Exclusions play an important role in determining a policy’s coverage. They have serious implications for an organisation and its management, as they eliminate coverage for particular types of events and losses. They exist for a range of purposes, so it is important to be aware of their far-reaching consequences.
In this article, we will explore exclusions in the context of the following coverages:
- Directors and officers liability insurance
- Employment practices liability insurance
- Management liability insurance
- D&O insurance for nonprofits
You may also find that similar concepts apply to a broad range of financial lines insurances, such as professional indemnity insurance, cyber insurance, and even crime insurance to a certain extent. Keep in mind, however, that each policy is strictly interpreted according to its own terms and conditions.
Exclusions: A definition
Exclusions aim to eliminate coverage for a particular risk or exposure. They are typically applied by an insurer to any situation, event, activity, or loss, which is deemed to be undesirable.
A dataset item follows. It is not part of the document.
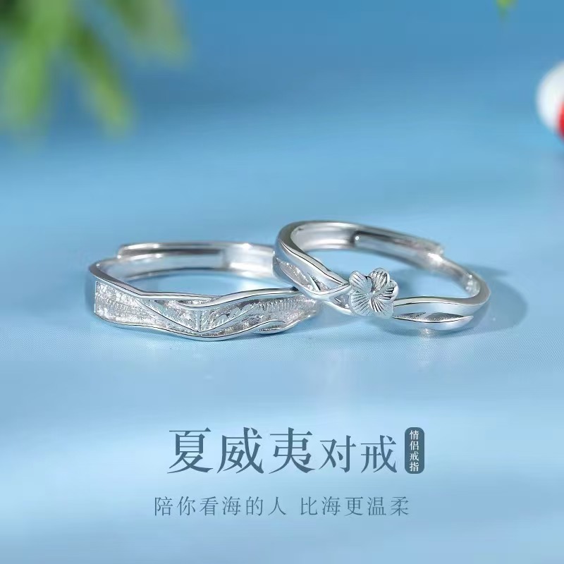 Hawaiian Sterling Silver Couple's Ring Niche Design Female Male Pair Light Luxury High-end Ring Fashion Birthday Gift

Some exclusions are included as standard within a policy wording, while others may be applied by endorsement during the underwriting process.
Insurance, by definition, intends to cover any unforeseen loss. As a result, an insurer will look to exclude any risks and exposures that are obvious or where there has been no attempt to mitigate them. By doing this, an insurer is able to provide an organisation and its management with a reasonable level of coverage, while also maximising its chances of making an underwriting profit.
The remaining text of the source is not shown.